Nikolai Fedotovich Bazhin (Николай Федотович Бажин; 5 July 1843 – 16 October 1908) was a Russian Empire writer, journalist and critic.

Bazhin contributed initially to Russkoye Slovo, then Delo (where he also published numerous book reviews and was for a while the literary section editor), and later Zhensky Vestnik, Russkoye Bogatstvo, Nablyudatel, Severny Vestnik and Iskra. In each of these he published numerous lengthy novels, arguably the best-known of which, Istoria odnogo tovarishchestva (История одного товарищества, "The History of One People's Society"), stretched over seven issues of Delo in 1869.

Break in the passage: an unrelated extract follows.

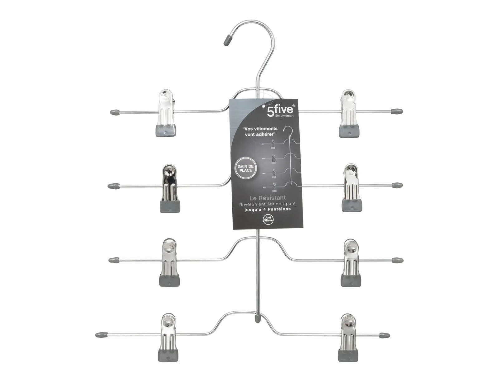 Οργανώστε και ανανεώστε τη ντουλάπα σας με την κρεμάστρα 4 θέσεων από τη 5five. Κάθε θέση διαθέτει στις άκρες προστατευτικά “stop” για να διασφαλίσουν ότι τα κλιπ σας δεν θα φύγουν από τη ράβδο. Τα ειδικά κλιπ διασφαλίζουν ότι τα ρούχα σας δεν θα πέσουν ποτέ, ενώ ταυτόχρονα τα κρατούν σε άψογη κατάσταση χωρίς να τα τσαλακώνουν!

Bazhin belonged to the school of harsh social realism usually associated in Russia with the likes of Dmitry Pisarev and Nikolai Chernyshevsky, whose Rakhmetov apparently served as a blueprint for Bazhin's character Stepan Rulyov, who features in several of his earlier novels and stories. The tone of Bazhin's later work radically changed from optimism to dejection and he turned to a completely different type of hero: a disillusioned raznochinets, hard done by harsh Russian reality.

Unusually for such a prolific writer, Bazhin refused to talk or write about himself; therefore, very little is known about his personal life. "The facts of my biography are interesting to nobody and are most certainly unworthy," he replied famously in a letter to Semyon Vengerov, who was working at the time upon this author's entry for the Brockhaus and Efron Encyclopedic Dictionary. Bazhin was married to Serafima Bazhina, the children's writer and translator.